## GIVEN DATA
▬▬▬▬▬▬
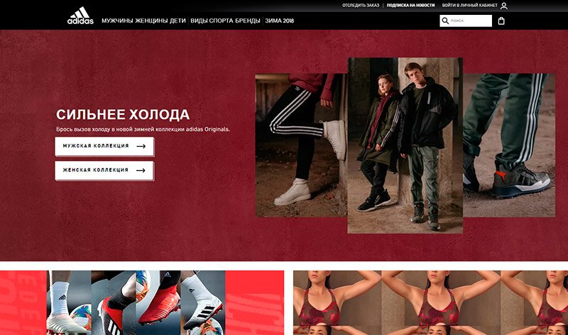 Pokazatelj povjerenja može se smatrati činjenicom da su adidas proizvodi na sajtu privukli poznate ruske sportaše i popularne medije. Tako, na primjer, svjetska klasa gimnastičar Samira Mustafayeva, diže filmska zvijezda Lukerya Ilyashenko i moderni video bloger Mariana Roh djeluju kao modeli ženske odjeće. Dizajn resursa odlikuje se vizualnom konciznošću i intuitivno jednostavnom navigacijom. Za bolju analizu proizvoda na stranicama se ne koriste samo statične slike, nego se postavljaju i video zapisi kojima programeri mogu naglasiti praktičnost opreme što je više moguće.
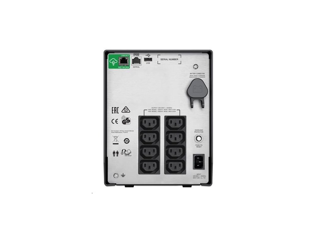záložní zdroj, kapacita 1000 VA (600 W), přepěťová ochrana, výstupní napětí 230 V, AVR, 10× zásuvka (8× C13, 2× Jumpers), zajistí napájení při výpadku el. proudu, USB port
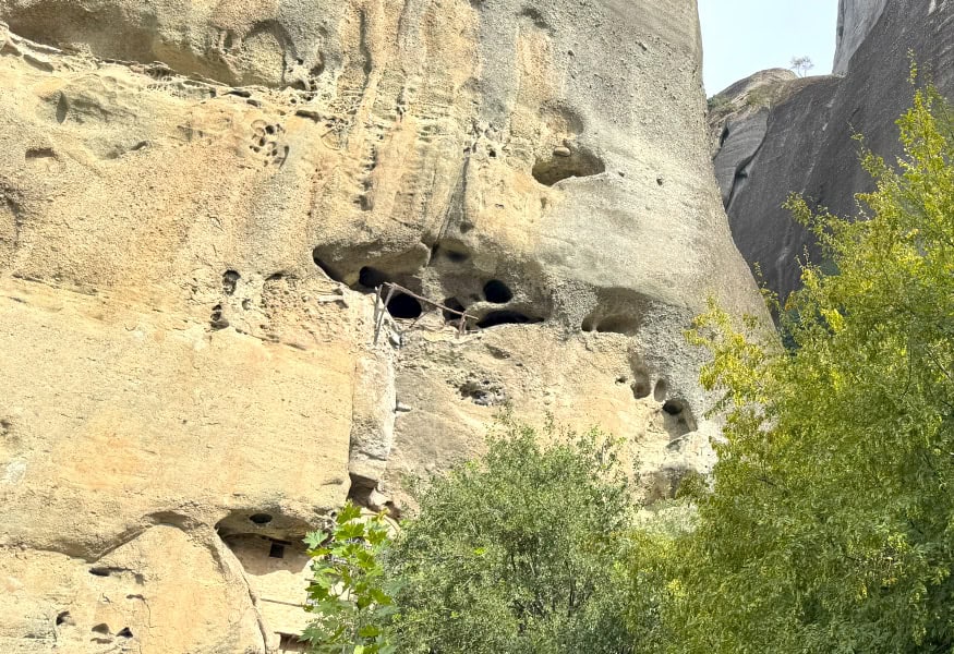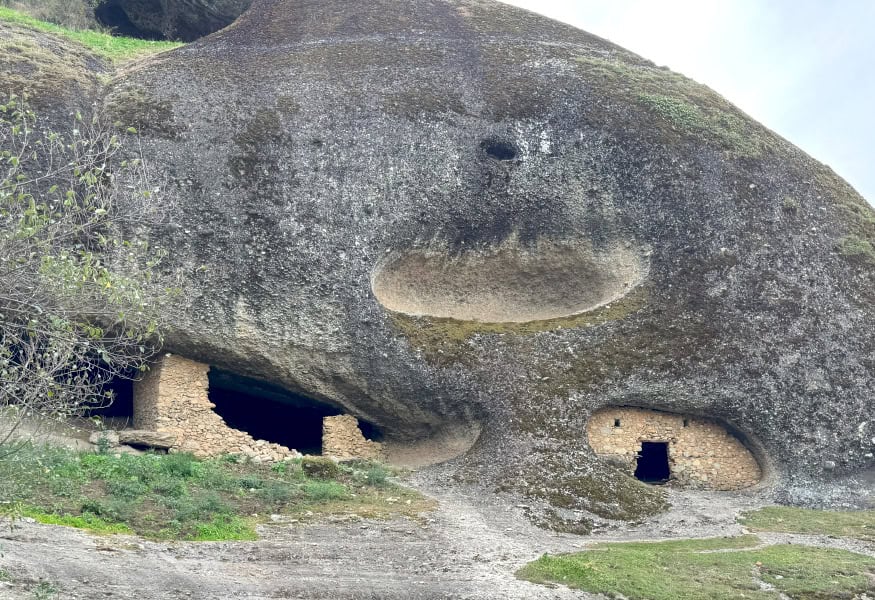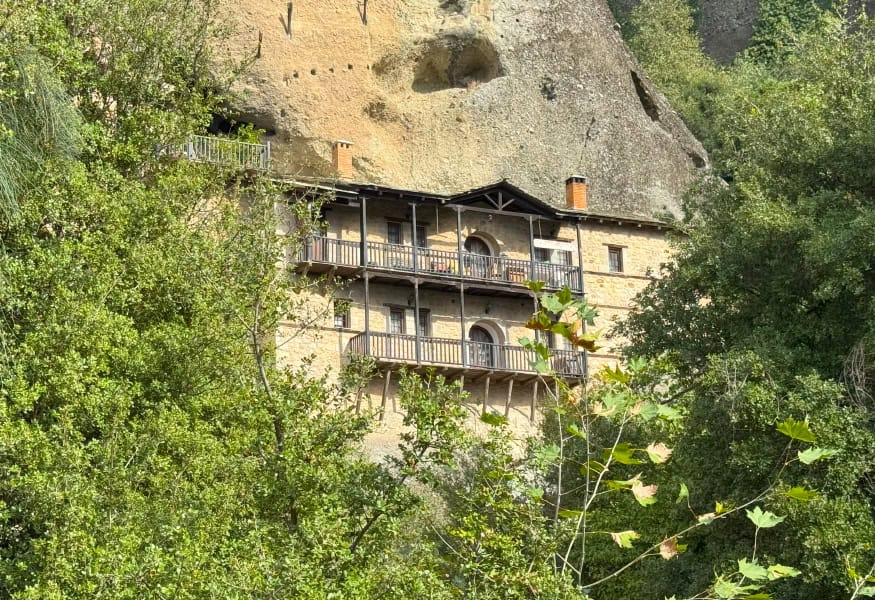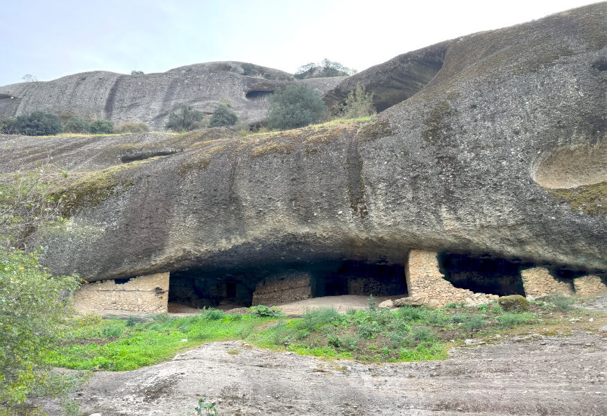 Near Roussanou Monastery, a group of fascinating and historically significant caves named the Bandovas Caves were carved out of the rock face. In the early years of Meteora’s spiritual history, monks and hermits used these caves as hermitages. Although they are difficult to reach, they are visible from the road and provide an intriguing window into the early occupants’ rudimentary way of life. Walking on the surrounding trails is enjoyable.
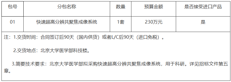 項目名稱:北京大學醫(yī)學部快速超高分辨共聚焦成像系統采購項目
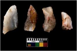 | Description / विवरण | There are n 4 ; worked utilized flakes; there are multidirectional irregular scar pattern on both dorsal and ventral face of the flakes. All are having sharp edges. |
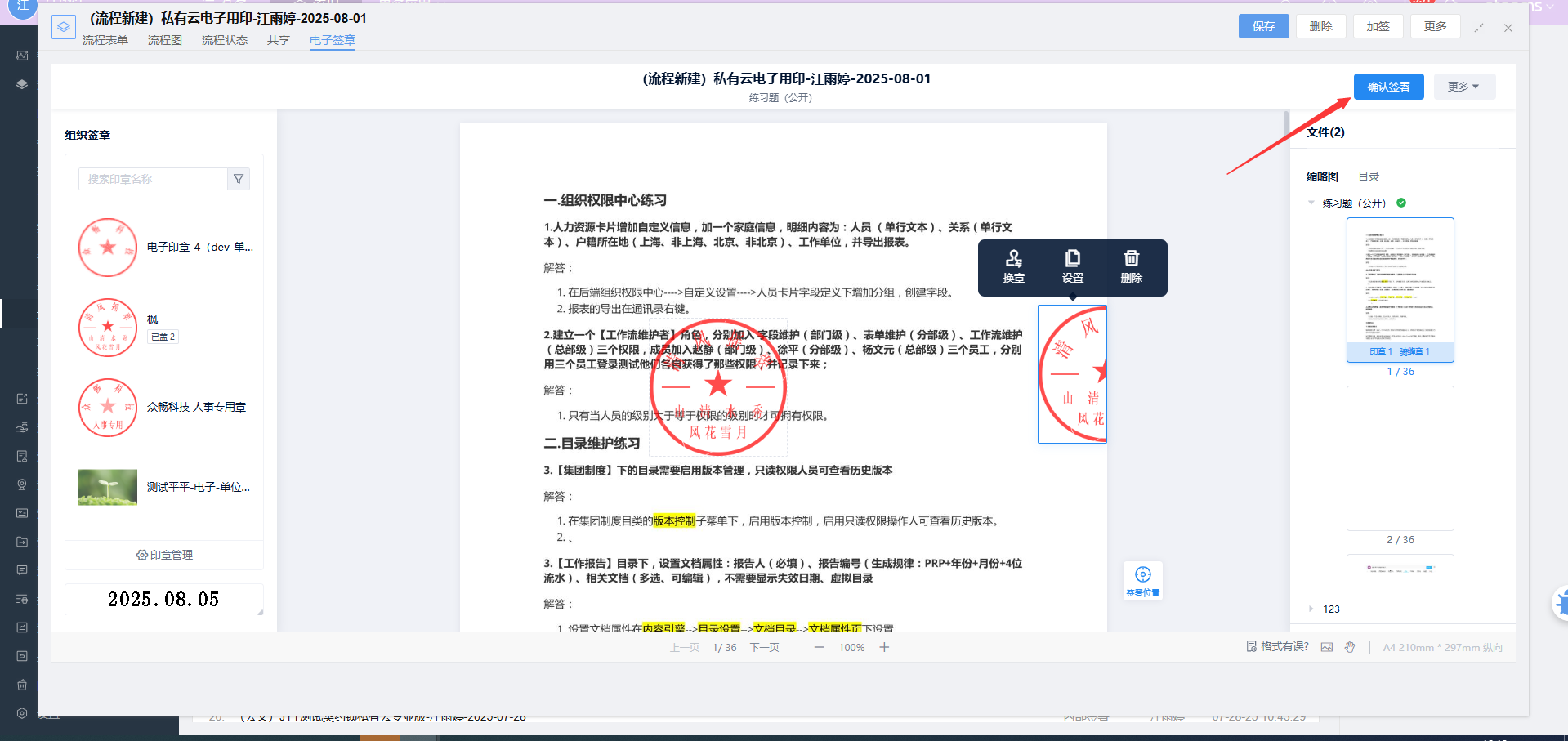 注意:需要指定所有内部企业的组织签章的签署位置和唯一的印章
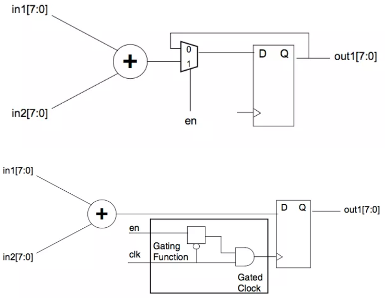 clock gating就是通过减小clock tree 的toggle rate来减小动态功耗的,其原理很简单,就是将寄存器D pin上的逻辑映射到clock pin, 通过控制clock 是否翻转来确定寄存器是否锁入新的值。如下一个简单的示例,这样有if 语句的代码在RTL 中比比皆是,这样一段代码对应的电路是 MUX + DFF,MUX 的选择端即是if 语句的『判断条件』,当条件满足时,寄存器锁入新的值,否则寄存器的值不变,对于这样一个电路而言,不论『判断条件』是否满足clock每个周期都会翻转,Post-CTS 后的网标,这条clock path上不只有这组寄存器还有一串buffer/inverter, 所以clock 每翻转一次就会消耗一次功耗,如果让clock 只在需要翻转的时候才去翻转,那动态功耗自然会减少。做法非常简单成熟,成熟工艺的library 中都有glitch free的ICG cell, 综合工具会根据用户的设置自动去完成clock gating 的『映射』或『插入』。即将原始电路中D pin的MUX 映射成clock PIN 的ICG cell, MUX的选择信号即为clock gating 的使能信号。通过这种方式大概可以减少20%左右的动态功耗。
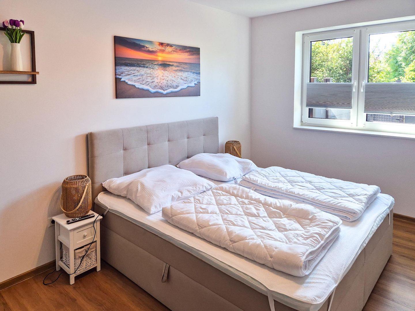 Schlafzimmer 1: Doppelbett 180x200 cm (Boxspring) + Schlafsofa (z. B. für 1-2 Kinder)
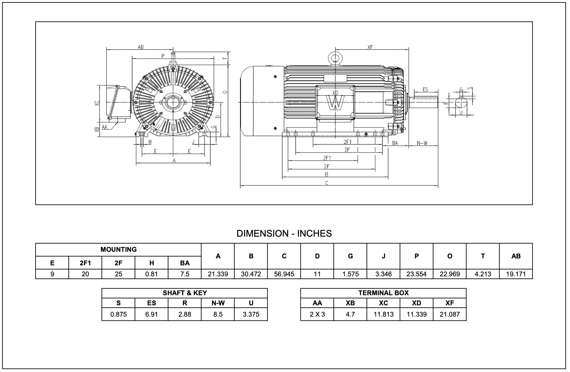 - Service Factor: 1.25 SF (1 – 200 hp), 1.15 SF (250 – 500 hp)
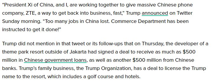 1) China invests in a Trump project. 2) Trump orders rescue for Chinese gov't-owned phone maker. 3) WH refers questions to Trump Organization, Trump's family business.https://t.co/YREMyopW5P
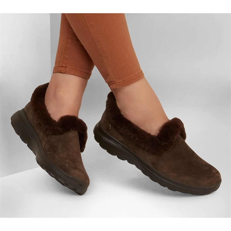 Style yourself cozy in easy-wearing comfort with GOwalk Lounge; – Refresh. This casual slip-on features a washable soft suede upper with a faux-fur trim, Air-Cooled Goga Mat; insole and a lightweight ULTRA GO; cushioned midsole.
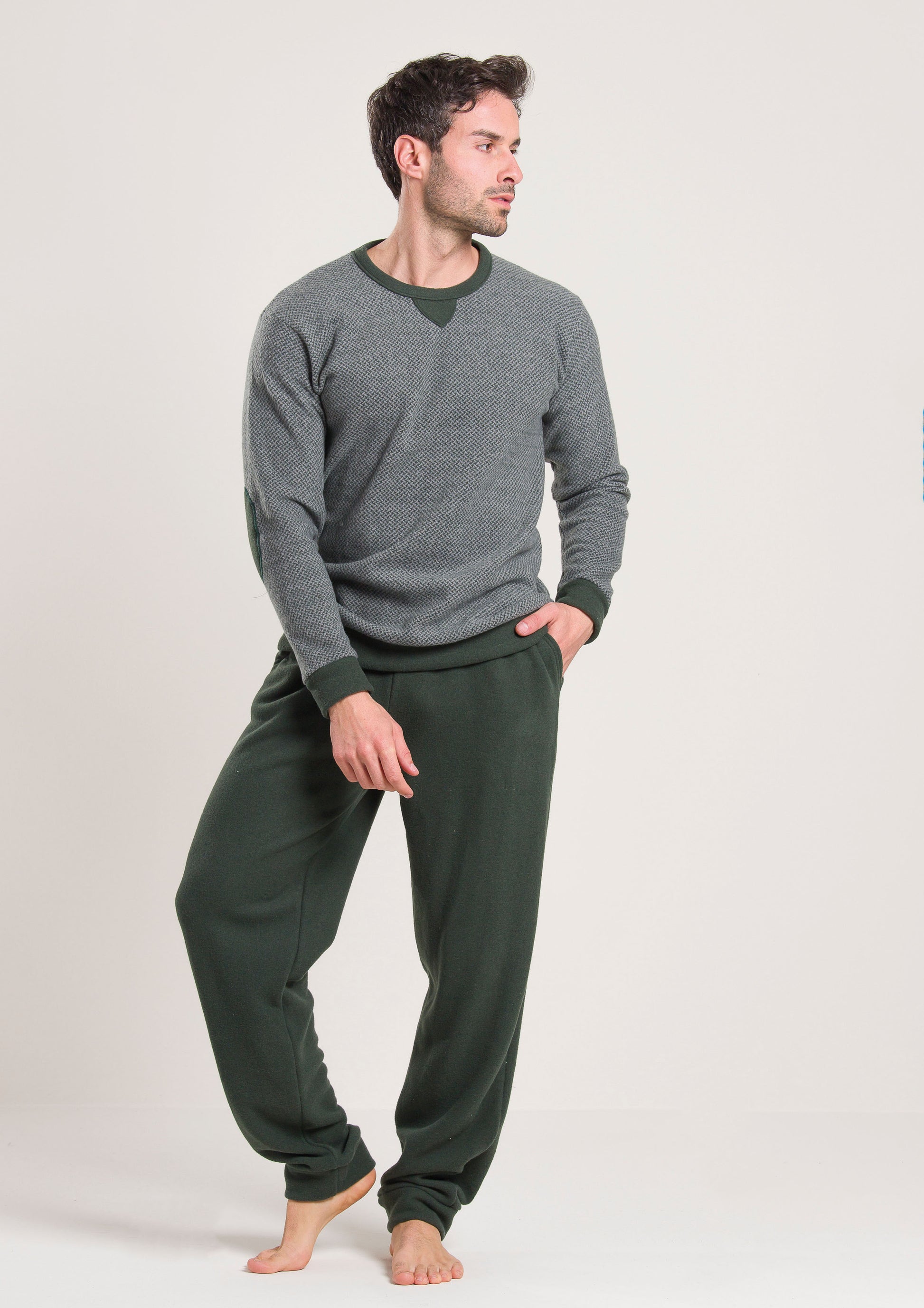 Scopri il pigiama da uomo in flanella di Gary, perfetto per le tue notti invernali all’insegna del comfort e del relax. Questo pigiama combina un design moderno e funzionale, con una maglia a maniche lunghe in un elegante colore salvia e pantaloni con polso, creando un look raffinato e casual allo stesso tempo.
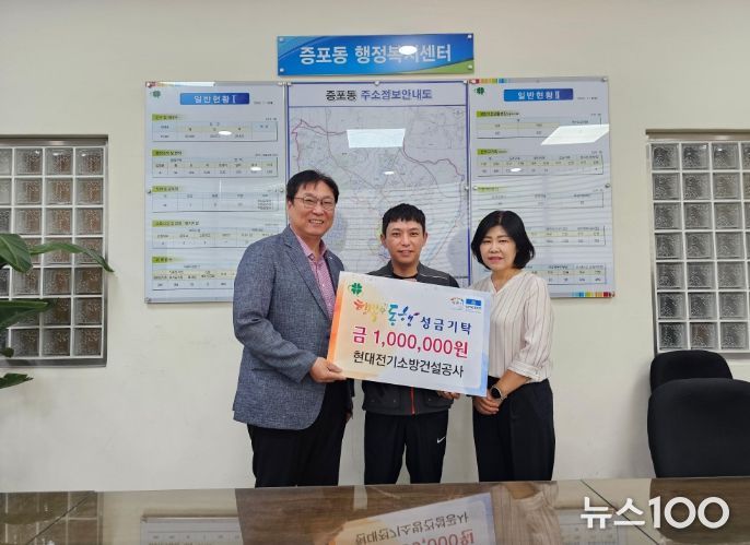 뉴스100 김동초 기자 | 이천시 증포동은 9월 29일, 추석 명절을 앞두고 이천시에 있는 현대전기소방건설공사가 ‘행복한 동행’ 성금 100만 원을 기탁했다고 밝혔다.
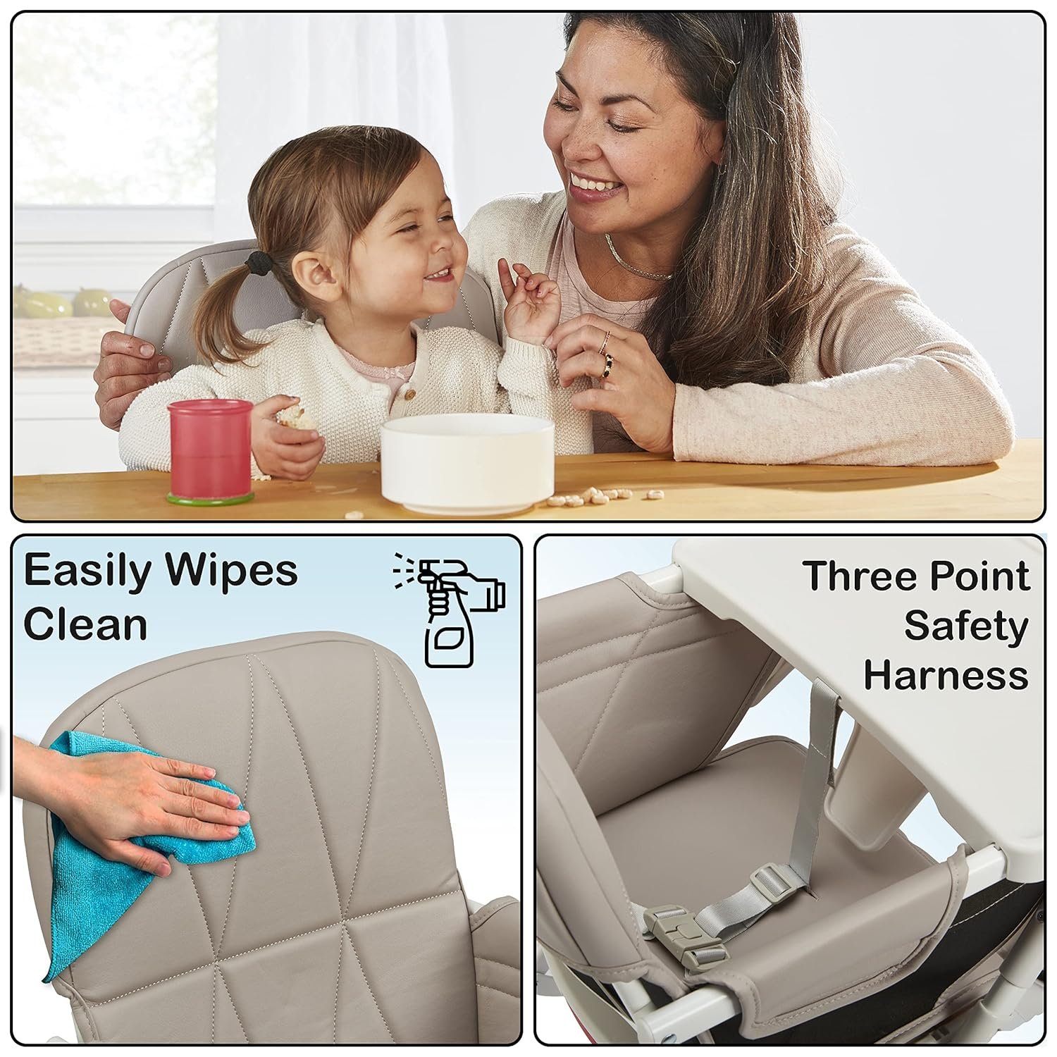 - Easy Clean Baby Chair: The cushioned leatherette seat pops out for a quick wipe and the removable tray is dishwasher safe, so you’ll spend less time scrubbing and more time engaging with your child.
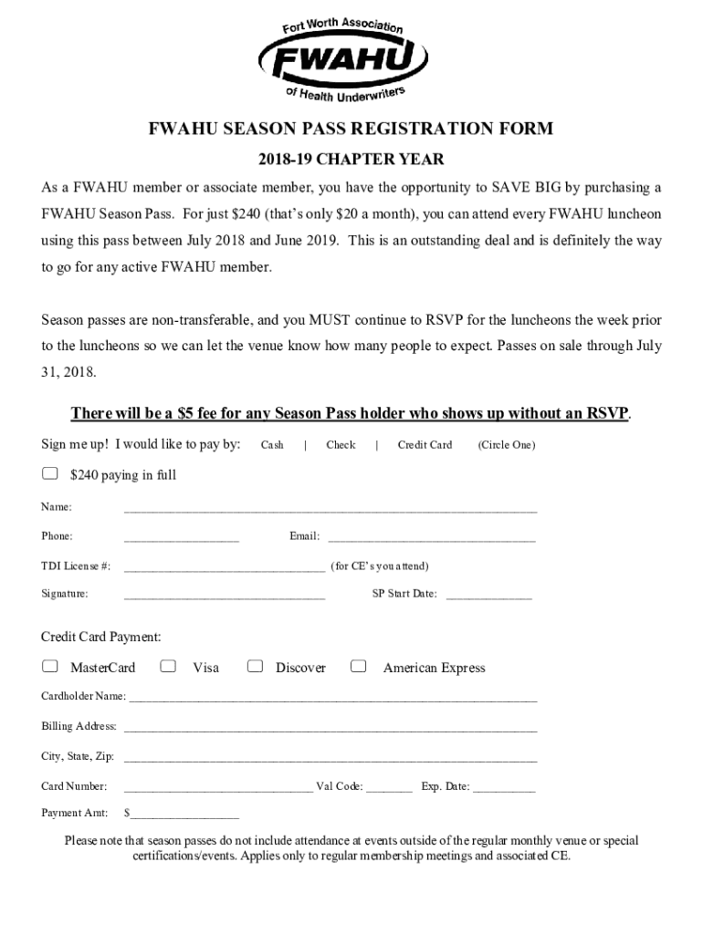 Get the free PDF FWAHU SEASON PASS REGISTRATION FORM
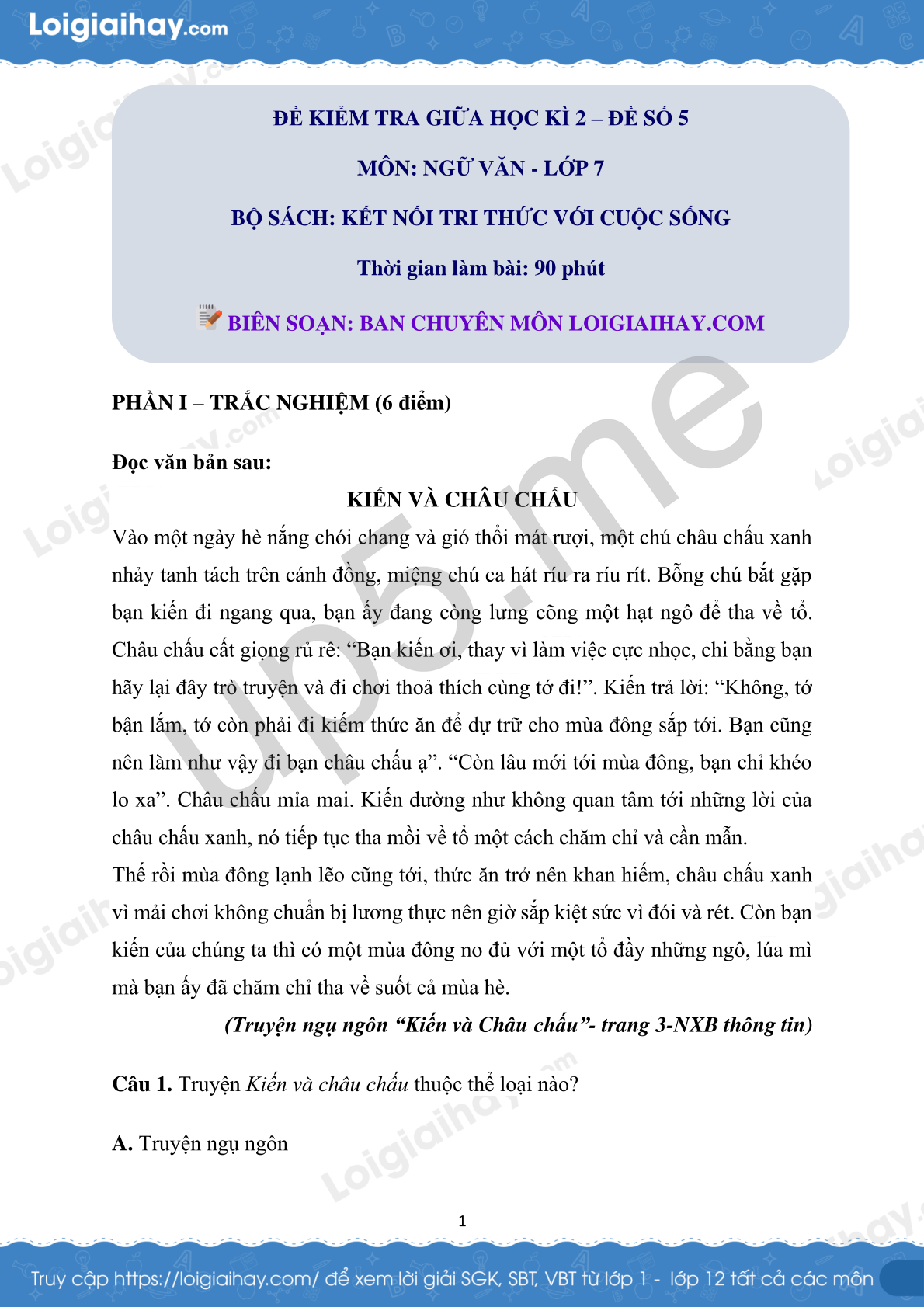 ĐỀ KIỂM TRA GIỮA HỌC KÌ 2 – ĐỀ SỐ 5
▬▬▬▬▬▬
## TASK STATEMENT
Go from the first line of the listing to the line holding "注意:需要指定所有内部企业的组织签章的签署位置和唯一的印章" and, please, transcribe those lines exactly, both included, with no pictures.

## RESULT OF THE EXERCISE
 Pokazatelj povjerenja može se smatrati činjenicom da su adidas proizvodi na sajtu privukli poznate ruske sportaše i popularne medije. Tako, na primjer, svjetska klasa gimnastičar Samira Mustafayeva, diže filmska zvijezda Lukerya Ilyashenko i moderni video bloger Mariana Roh djeluju kao modeli ženske odjeće. Dizajn resursa odlikuje se vizualnom konciznošću i intuitivno jednostavnom navigacijom. Za bolju analizu proizvoda na stranicama se ne koriste samo statične slike, nego se postavljaju i video zapisi kojima programeri mogu naglasiti praktičnost opreme što je više moguće.
záložní zdroj, kapacita 1000 VA (600 W), přepěťová ochrana, výstupní napětí 230 V, AVR, 10× zásuvka (8× C13, 2× Jumpers), zajistí napájení při výpadku el. proudu, USB port
 Near Roussanou Monastery, a group of fascinating and historically significant caves named the Bandovas Caves were carved out of the rock face. In the early years of Meteora’s spiritual history, monks and hermits used these caves as hermitages. Although they are difficult to reach, they are visible from the road and provide an intriguing window into the early occupants’ rudimentary way of life. Walking on the surrounding trails is enjoyable.
 項目名稱:北京大學醫(yī)學部快速超高分辨共聚焦成像系統采購項目
 | Description / विवरण | There are n 4 ; worked utilized flakes; there are multidirectional irregular scar pattern on both dorsal and ventral face of the flakes. All are having sharp edges. |
 注意:需要指定所有内部企业的组织签章的签署位置和唯一的印章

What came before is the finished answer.